Under the FDCPA, the third-party collector may contact the debtor only during reasonable hours and not at work if the debtor’s employer prohibits it. The debtor may write the collector to cease contact, in which case the agency is prohibited from further contact (except to confirm that there will be no further contact). A written denial that money is owed stops the bill collector for thirty days, and he can resume again only after the debtor is sent proof of the debt. Collectors may no longer file suit in remote places, hoping for default judgments; any suit must be filed in a court where the debtor lives or where the underlying contract was signed. The use of harassing and abusive tactics, including false and misleading representations to the debtor and others (e.g., claiming that the collector is an attorney or that the debtor is about to be sued when that is not true), is prohibited. Unless the debtor has given the creditor her cell phone number, calls to cell phones (but not to landlines) are not allowed.Federal Communications Commission, “In the Matter of Rules and Regulations Implementing the Telephone Consumer Protection Act of 1991,” http://fjallfoss.fcc.gov/edocs_public/attachmatch/FCC-07-232A1.txt. (This document shows up best with Adobe Acrobat.) In any mailings sent to the debtor, the return address cannot indicate that it is from a debt collection agency (so as to avoid embarrassment from a conspicuous name on the envelope that might be read by third parties).
Communication with third parties about the debt is not allowed, except when the collector may need to talk to others to trace the debtor’s whereabouts (though the collector may not tell them that the inquiry concerns a debt) or when the collector contacts a debtor’s attorney, if the debtor has an attorney. The federal statute gives debtors the right to sue the collector for damages for violating the statute and for causing such injuries as job loss or harm to reputation.

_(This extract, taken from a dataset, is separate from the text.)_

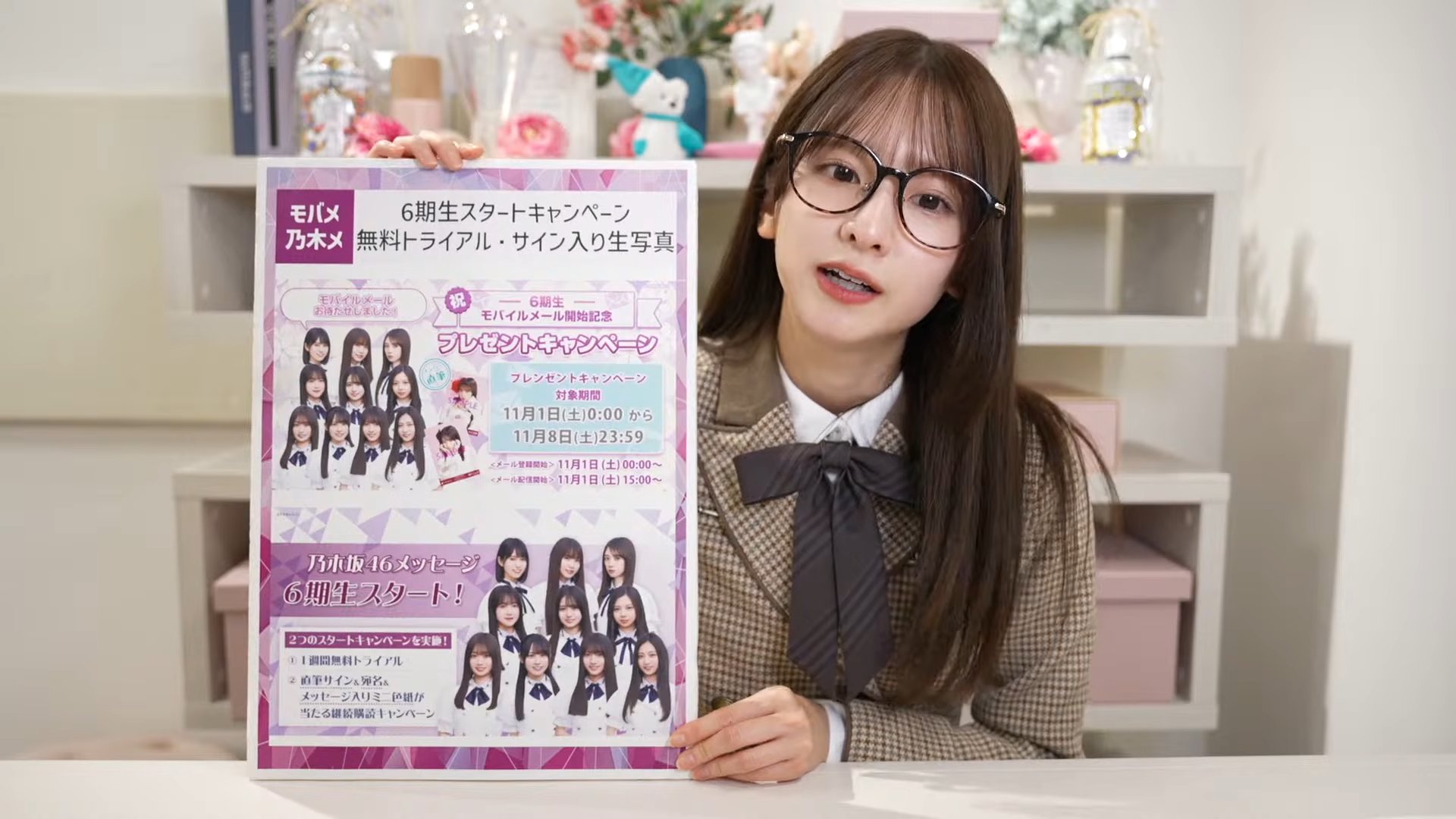 ◦ 6期生メールでは、11月8日まで登録した方の中から抽選で、直筆の意気込み入り限定生写真が当たるキャンペーンを実施中です。6期生メッセージでは、アプリ決済限定で1週間無料トライアルや、継続購読者向けの直筆サインとメッセージ入りミニ色紙が当たるキャンペーンを実施しています。

Several laws regulate practices after consumer credit transactions. The FTC provides consumers with a three-day cooling-off period for some in-home sales, during which time the consumer-purchaser may cancel the sale. The TILA and some state laws also have some cancellation provisions. Billing errors are addressed by the Fair Credit Billing Act, which gives consumers certain rights. Debt collection practices such as garnishment, wage assignments, and confessions of judgment are regulated (and in some states prohibited) by federal and state law. Debt collection practices for third-party debt collectors are constrained by the Fair Debt Collection Practices Act.